0

I've been playing around with dataflow / bigquery for a short while, but I still can't wrap my head around some fundamental things, which is when to use a certain type of method to query a table.

The one-line query option with BigQueryIO.Read is:
+ short and simple,
+ suitable for large results, which are returned in PCollection,
- but does not return a new table schema for the result,
making it harder to export both to (1) .csv file(s) - table header, fields!! and (2) bigquery table - no schema! We need to manually define the table schema or fields-csv header every time we want to save query results to bigquery table or .csv file .
---> Is there an automatic way this could be done elegantly?

The other option to query is with the use of Jobs : Query.
This has again advantages and disadvantages:
+ returns the table schema of query result
- requires authentication, in the end there's much more coding for the exact simple query
-> asynchronous and synchronous mode;
- not suitable for large results,
except in asynchronous mode with option allowLargeResults, which results in multiple queries in the background, which need to be composed to get a full list of retrieved rows (??)
- the results can be saved into a table, but only async query can save the results in a permanent table (not just into a temporary).

The questions remain:

(1) Which method is better and when?

(2) If there is a very large amount of data in the table we query and we get a very large result, which query method is then preferred?

(3) Which export is preferred when dealing with very large results - a table or a .csv file?

user2107356
  • 115
  • 9
  • inspired by my previous question http://stackoverflow.com/questions/34518795/get-tableschema-from-bigquery-result-pcollectiontablerow – user2107356 Jan 03 '16 at 02:38
  • I'm trying to answer this question, but it's unclear what you actually want. You're asking about some very low-level issues -- can you please describe the actual end-to-end data processing that you're trying to do? – Dan Halperin Jan 04 '16 at 04:02
  • Note that if all you want to do is save the result of a query, you should probably just use BigQuery's asynchronous API to run the query and then export CSV to GCS. – Dan Halperin Jan 04 '16 at 04:03
  • Regarding "Asynchronous vs Synchronous" query mode: there is no truly synchronous way to run a query in BigQuery. If you read carefully, jobs.query requires polling to wait for job completion prior to downloading data, just like job.insert does. For the purpose of your question, I'd stick to jobs.insert. – Michael Sheldon Jan 04 '16 at 18:36

1 Answers1

1

Note that BigQueryIO.Read reads a table, and does not execute a query. The helper .fromQuery() lets the source execute a query and then read the destination table that the query results were written to. It may be useful to separate query execution from table reading.
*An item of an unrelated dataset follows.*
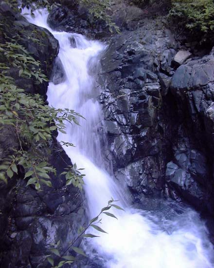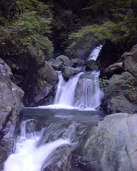 急傾斜の小滝群を越すと二俣である。
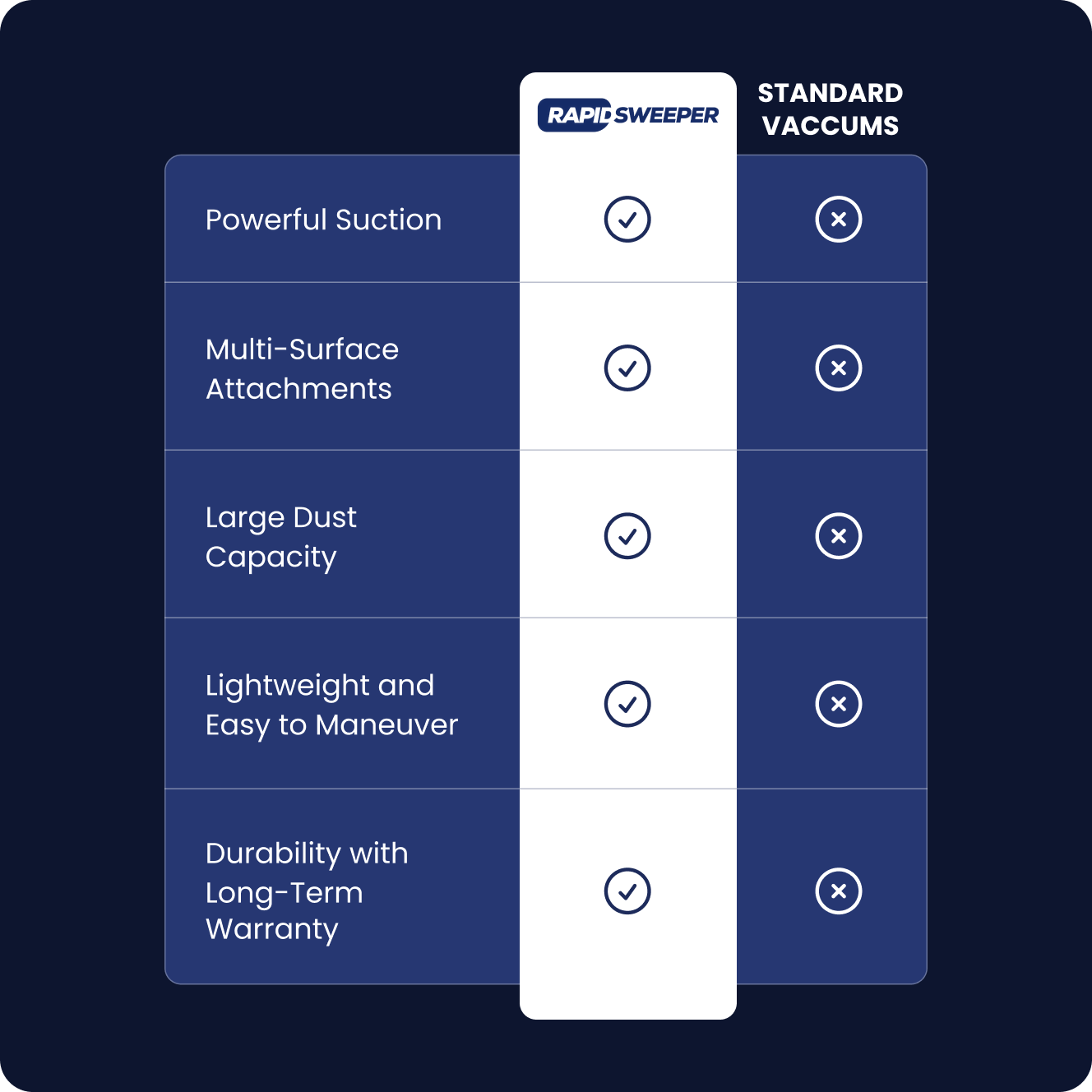 The Rapid Sweeper offers powerful suction, versatile tools, and effortless cleaning on any surface. Built for convenience and durability.

We can think of BigQueryIO.Read as running a jobs.insert() for an export operation to Google Cloud Storage, then processes the data from GCS.
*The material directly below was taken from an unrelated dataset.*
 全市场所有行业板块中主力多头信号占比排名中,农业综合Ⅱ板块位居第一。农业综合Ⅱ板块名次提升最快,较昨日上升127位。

Look at "Multiple Wildcard Uris" at https://cloud.google.com/bigquery/exporting-data-from-bigquery#exportingmultiple for efficient parallel processing of data exported to GCS: you can consume (small) shards of exported data as it is being exported, so you don't have to block processing of the parallel read operations for the entire BigQuery export job to complete. The multiple wildcards lets you determine the parallelism of workers up front, and BigQuery will write the data in order so each worker can process their shards independently and identify when their subset of data has been completely processed.

Cloud Dataflow supports custom sources (https://cloud.google.com/dataflow/model/custom-io#creating-sources), so you can replicate BigQueryIO.Read with a version that has a side channel for the schema of the table you are operating on(*).

(*) I'm not a Cloud Dataflow expert, so I'm not sure how to build this side channel. Perhaps the schema exported from this custom source is the table's schema and a blob, and you could wrap the source a ParDo that takes the schema and converts the blob to that schema? At which point your code would see the schema and the data for each row. This doesn't seem like the most efficient way to solve the problem, but it might work for you.

Michael Sheldon
  • 2,027
  • 11
  • 7